On Mon, Mar 26, 2018 at 10:59 AM Richard W.M. Jones <rjones(a)redhat.com>
wrote:
On Sun, Mar 25, 2018 at 08:05:14PM +0000, Nir Soffer wrote:
> On Sun, Mar 25, 2018 at 2:41 PM Richard W.M. Jones <rjones(a)redhat.com>
> When a vm is running, vdsm monitor the allocated space and ask the SPM
> host to allocated more space when the highest write offset is too high,
so
> the disk looks like a thin provisioned disk to the vm. This mechanism is
> not available for storage operations, and all of them specify
initial_size
> when converting images to qcow2 format.
This is going to cause problems for backup applications too.
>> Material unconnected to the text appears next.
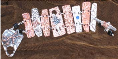
Art Clay Copper and Silver Mixed Media Bracelet by Arlene Mornick

Early testing has shown amazing and lovely results when firing Art Clay™ Copper using a butane torch, and the clay has also fired beautifully using the Speedfire Cone System. These additional firing options open doors in working with Art Clay™ Copper that other non-precious metal clays do not offer. The shorter firing time now allows for a copper clay to be used or taught as a single-day class or workshop. As more artists begin working and experimenting with Art Clay™ Copper, we will also find additional properties that allow for use with various stones, mixed media, or cross-industry techniques.

There's
no way in general they can estimate the data to be transferred.
To backup a chain of images, you need to reconstruct the chain remotely
on the machine doing the restore, since the qcow2 header must have correct
backing file when uploaded. So I guess backup vendor will build the chain
and upload the real files, so this should not be an issue.
If they want to do something more fancy, like creating empty qcow2 file for
setting up the backing file, and streaming the data separately, they can
estimate the required allocation using the number of 64k (assuming standard
cluster size) guest sectors, and the virtual size.
See here how vdsm estimate this since 4.1:
https://github.com/oVirt/vdsm/blob/master/lib/vdsm/storage/qcow2.py
If there is no way to estimate the size and you must allocate the
entire
> image, we can add a shrink step in upload finalization, to shrink the
image
> size to optimal size. We are already doing this in several flows that
> cannot estimate the final disk size and do over allocation.
I guess we'll need something like that.
I think we can implement this for 4.2.z. We will open a new RFE for this.